Hi eveyone. I want to use a miRNA seq dataset, from GEO (GSE28884) as a validation dataset, to be used after a feature selection process tried on TCGA miRNA expression profiling dataset (I've to test a svm-classifier indeed).
For the feature selection procedure I downloaded counts data and after applied vst
function from DEseq2
.
I explored the paper of the study related to this GEO dataset (Supplementary tables 1-8C , sheet S4D-mature miR) and in "Results" It is described that "miRNA profiles of a sample can be presented as relative percentage of miRNA read frequencies (rf) by dividing miRNA read counts by total miRNA reads per library. In fact, if you take a look to data, there are decimals.
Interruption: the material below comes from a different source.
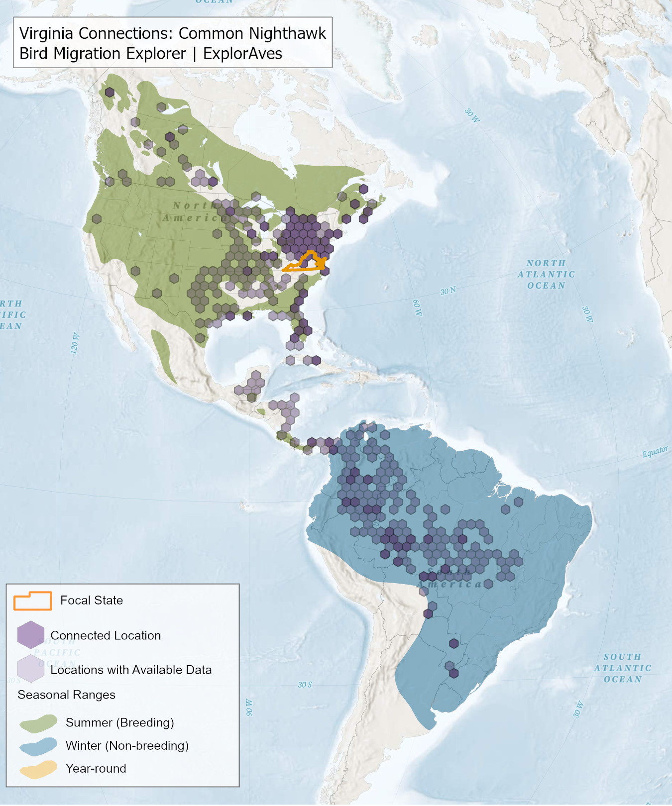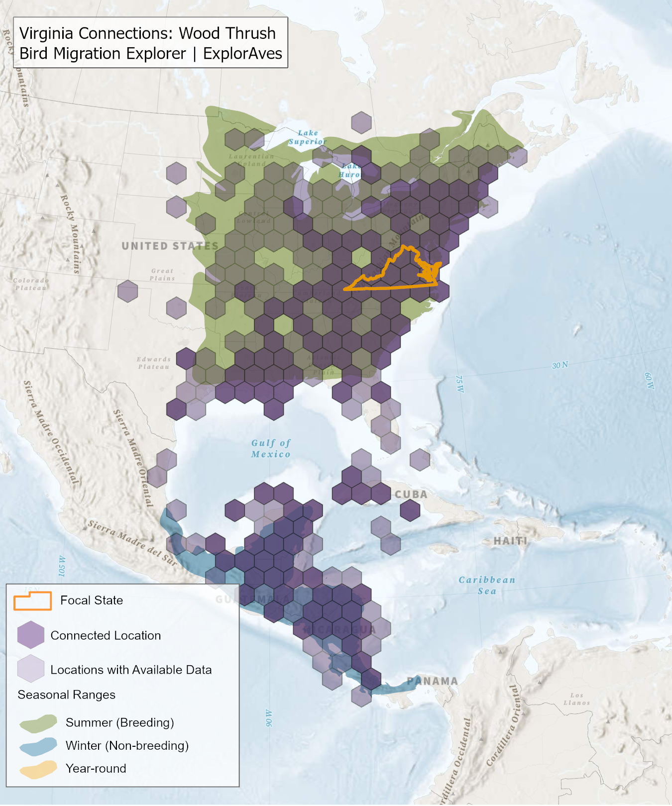 The species connection maps show direct connections between Virginia and locations across the Western Hemisphere based on tagging data in the Bird Migration Explorer available for each of the state’s migratory species of concern. Connections are based on bird band encounter records, automated radio telemetry, archival geolocators, satellite and GPS tracking, or genetic markers that document the movement of individual birds. The maps display locations (i.e., hexagons) that are connected to Virginia (polygon outlined orange) and illustrate the need to protect, restore, enhance and manage safe habitat in those areas to ensure species can satisfy their biological requirements across the full annual cycle. As individual birds travel between the species’ summer (breeding) and winter (stationary non-breeding) ranges, they traverse geopolitical boundaries, underscoring the need for collaborative and coordinated conservation efforts to maximize the return on conservation investments for the species in Virginia. While these maps offer valuable insight, they do not capture the complete picture of all connections, because they only present tagging data available in the Bird Migration Explorer. In some cases, species may not have a connection map, because no tagging data are available.

Now I would retrieve original counts in order to perform vst
and normalize variance on this dataset as well, but I need the total number of reads per library and I could not find it.
Anyway in "material and methods" (Small RNA sequencing and bioinformatics analysis) it is explained "Setting a threshold of 10 or more reads per miRNA for the pool of all 49,479,978 miRNA sequence reads (179 patient samples and 6 cell lines), we identified a total of 888 mature and miRNA star sequences (representing the 2 strands obtained after miRNA precursor processing). could this be the total number that I need?
In brief, I can't understand what kind of normalization was applied on this miR expression profiling (sheet S4D), and vst
doesn't work on decimals, so I don't know how to stabilize variance of this data.
Thank you very much, I'm a very beginner in bioinformatics and any suggestion is really appreciated.